OPINION (CALMATTERS) -California voters will begin marking their mail-in ballots for the Nov. 5 election in just a few days and how they vote may reflect their somewhat sour outlooks, particularly rising concerns about crime, a pre-election poll suggests.

The Public Policy Institute of California survey, released Wednesday night, found that “majorities of adults and likely voters think the state is headed in the wrong direction and expect the state to have bad times financially in the next 12 months,” the San Francisco-based think tank said in its analysis.

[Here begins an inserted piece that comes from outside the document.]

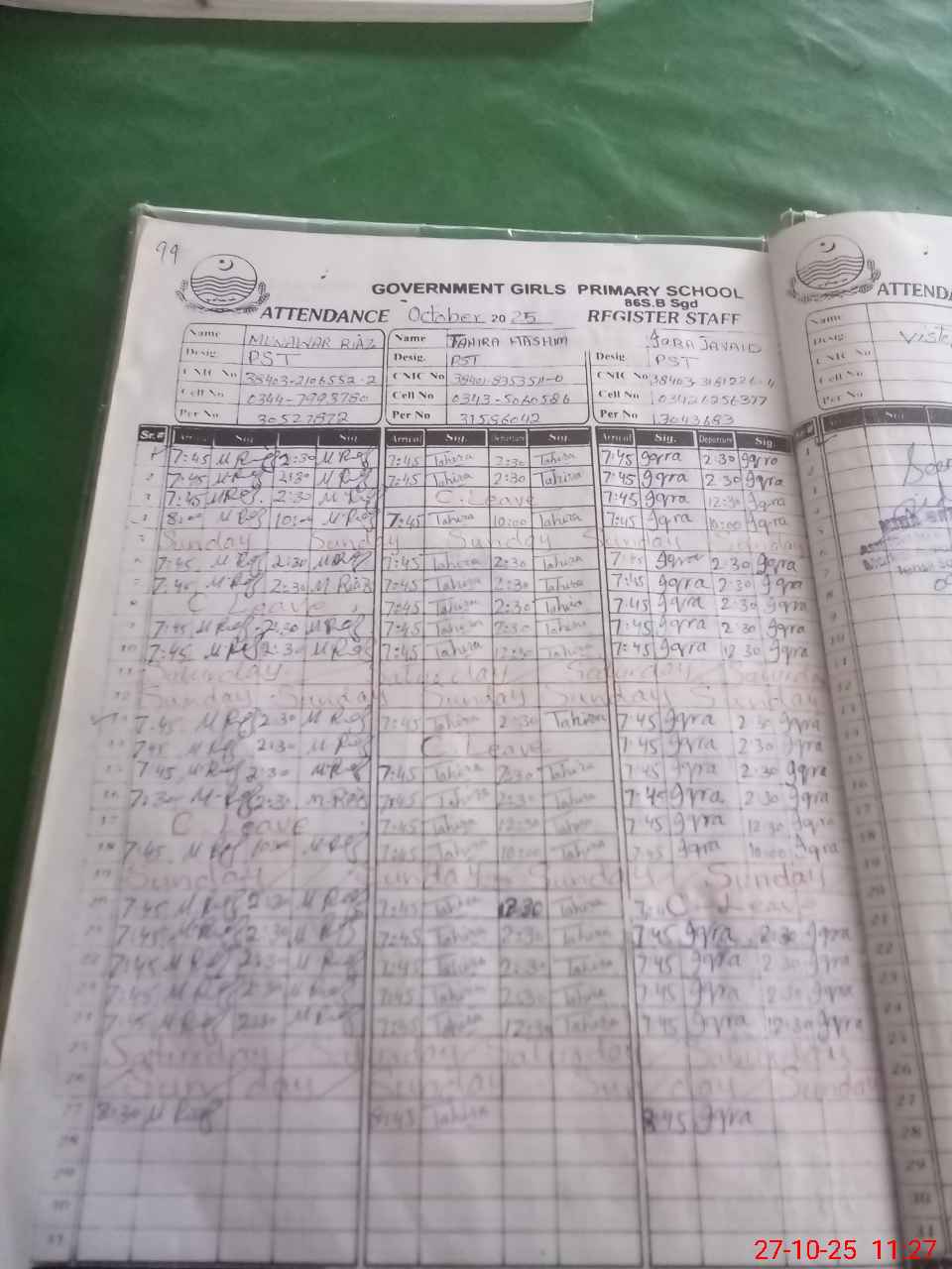 | CNIC | Full Name | Designation | R/C | Absence During Last Calender Month |

The poll also revealed that 71% of voters support Proposition 36, which would boost penalties for some crimes, partially undoing Proposition 47, a 2014 measure that reduced sentences. At least 41% said the outcome of this vote is “very important.”

The strong support for Prop. 36 — which is sponsored by a coalition of law enforcement and business groups and backed by many local officials — should not be a surprise.

Earlier this month, the institute released a study confirming that property crimes have been rising since Prop. 47’s passage, while the ranks of police have thinned and arrests for such crimes have declined.

“Driven by larcenies, property crime jumped after Prop 47 compared to the nation and comparison states,” the study found.

Prop. 36’s popularity marks a change of public attitudes since the heyday of what was called “criminal justice reform” a decade ago, when then-Gov. Jerry Brown, legislators and voters, under pressure from federal courts, were depopulating the state’s overcrowded prison system. The number of felons declined by nearly 50% from a peak of 173,000 in 2006.